Struttura e dinamismo
Il taglio saltuario si applica al bosco disetaneo, il quale è caratterizzato dalla presenza di alberi con
dimensioni ed età molto diverse su una piccola superficie, situati in apparente disordine uno accanto
all’altro; spesso le piante più piccole vegetano sotto la copertura delle chiome delle piante più grandi.

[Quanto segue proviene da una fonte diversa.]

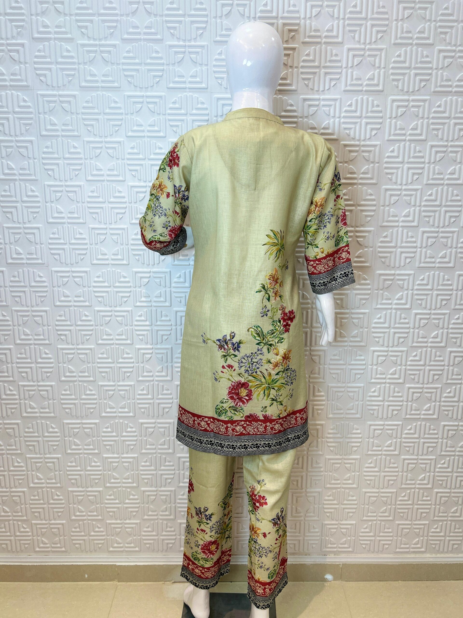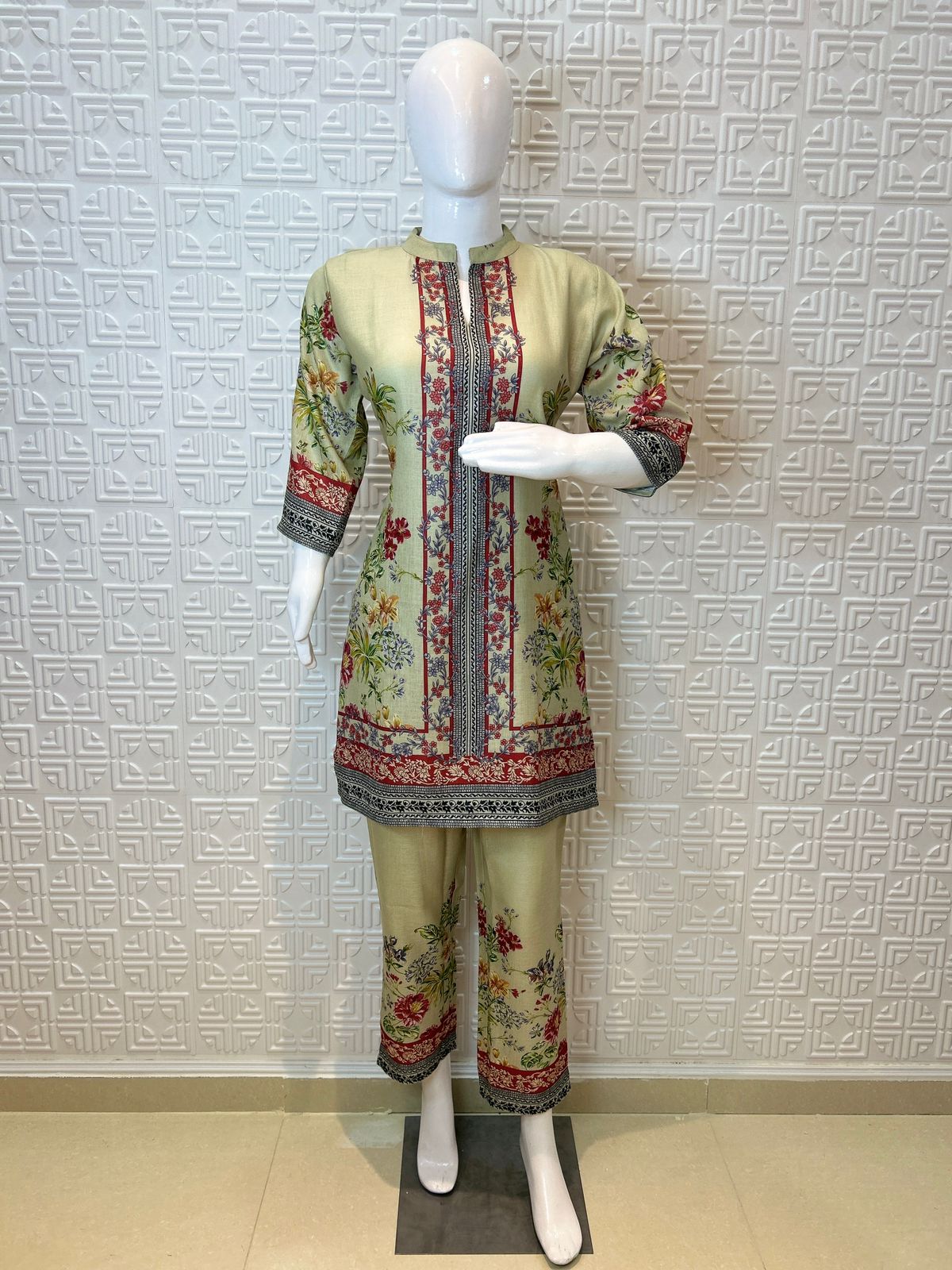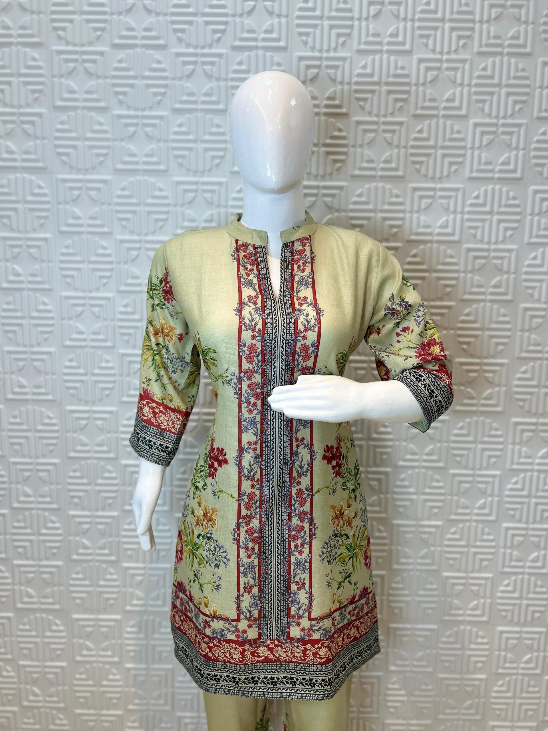 💚Trousers (Salwar/Pants): The trousers are straight-cut and match the base color of the tunic, with a continuation of the floral print and a patterned border at the ankle
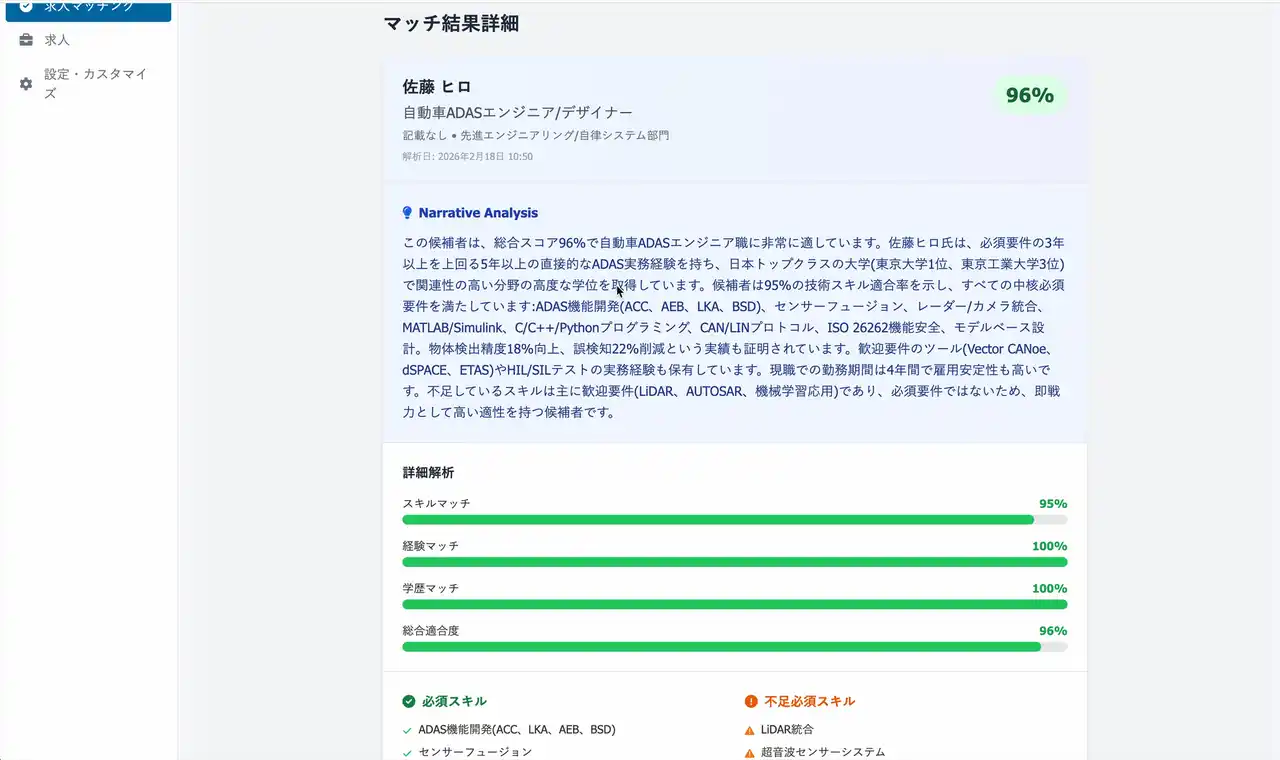 図1: 候補者と募集内容をマッチングさせ解析する際の画面 |

In alcuni casi questa mescolanza si verifica per singoli individui, ed in tal caso si parla di disetaneità per
pedali o per piede d’albero, mentre più spesso il bosco è caratterizzato da gruppi di alberi con dimensioni
relativamente simili che si estendono per alcune centinaia, o anche per qualche migliaio, di metri
quadrati, originando un bosco disetaneo a gruppi.
Modalità esecutive
L’elemento determinante per la creazione e la conservazione di questo tipo di struttura è il carattere del
taglio che si prefigge di prelevare un certo numero di piante considerate mature sotto il profilo economico
ed altre piante il cui abbattimento consente una crescita più regolare del soprassuolo rimanente.

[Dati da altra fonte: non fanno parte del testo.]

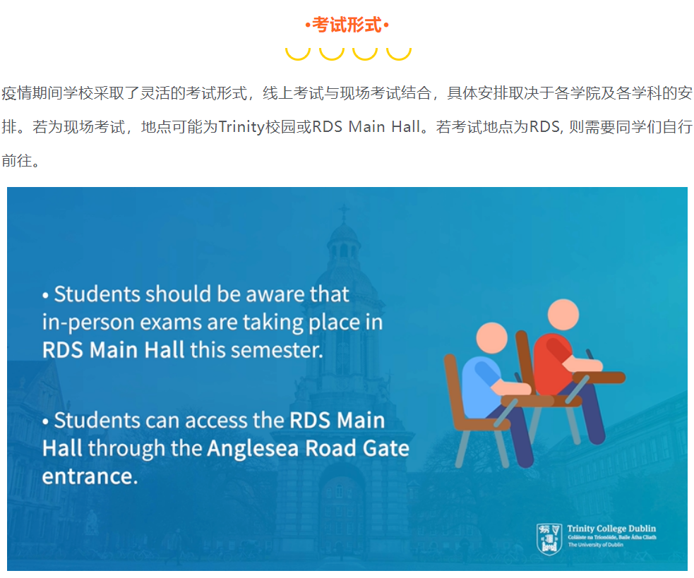 同学们可登陆my.tcd.ie查看个人的考试时间和考号。
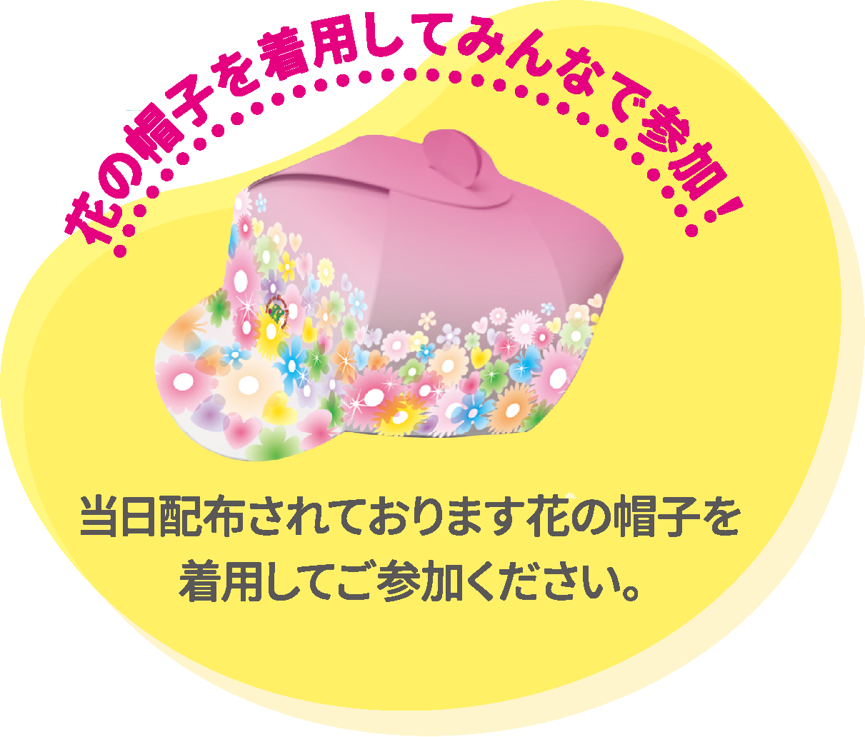2027年に50回大会を迎えるフラワーフェスティバルを盛り上げるため、みんなで手をつなぎ、ひとつの大きな花を咲かせましょう!インフォメーションセンターなどで、花柄をあしらった帽子を配布していますので、そちらを被ってご参加ください!
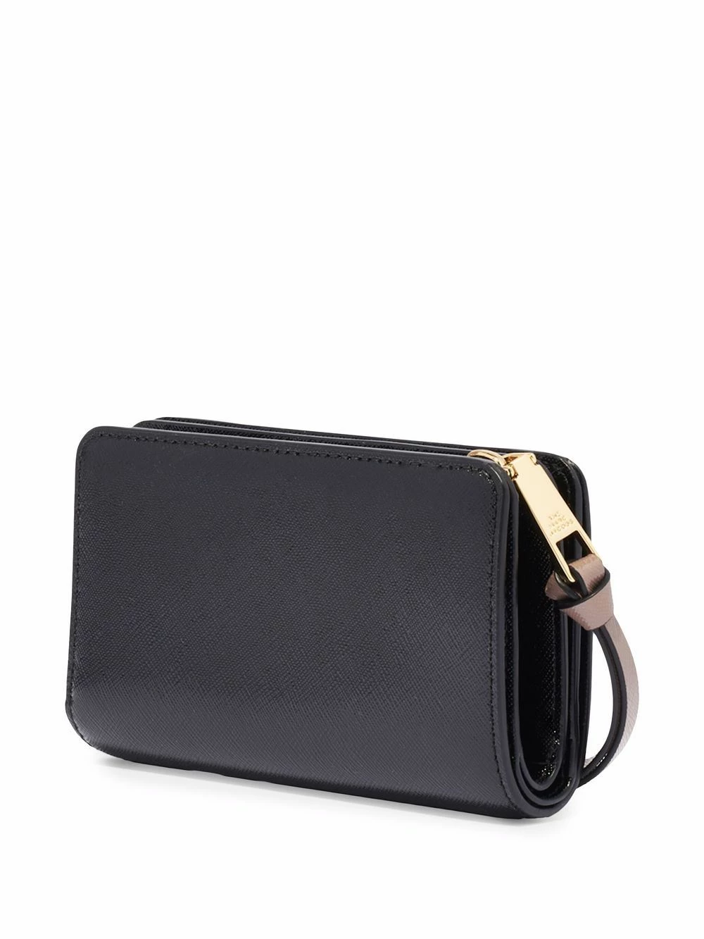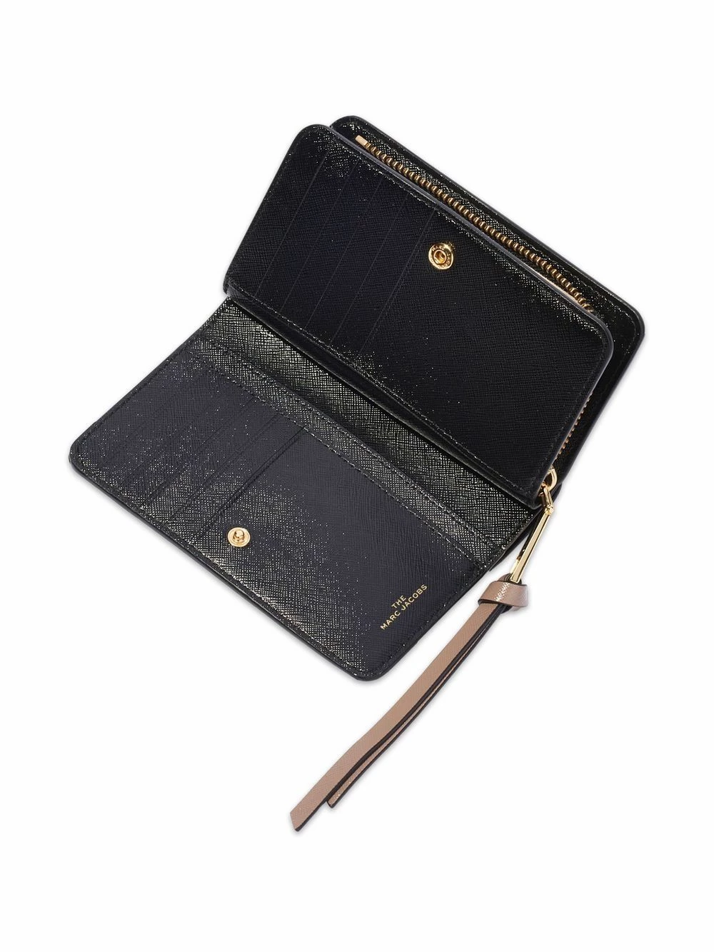 Plaque logo dorée, logo interne embossé, poche ticket, compartiment à billets intérieur, compartiments intérieurs pour carte. Matière : cuir.

L’intervento che si effettua viene chiamato “taglio dicurazione” ed il periodo che intercorre tra due
interventi successivi “periodo di curazione” (mediamente 10 anni), non esiste un turno vero e proprio.
I tagli intercalari
Vengono definiti tagli intercalari i tagli di utilizzazione eseguiti prima della scadenza prevista per i tagli
di rinnovazione, ossia durante il periodo che intercorre dall’insediamento del soprassuolo alla sua
maturità.
I tagli intercalari si sostituiscono quindi alla mortalità naturale allo scopo di realizzare determinate finalità
economiche in senso lato. Essi, in alcuni casi, agiscono su alberi diversi da quelli che sarebbero stati
eliminati dalla mortalità naturale.
I principali obiettivi dei tagli intercalari consistono nel miglioramento della produzione legnosa che si
otterrà alla fine del ciclo, nell’ottenimento di una certa quantità di prodotti legnosi già prima della fine del
ciclo stesso, nell’aumento della stabilità fisica e biologica del soprassuolo e nella modifica delle
condizioni di ambiente nell’interno del bosco.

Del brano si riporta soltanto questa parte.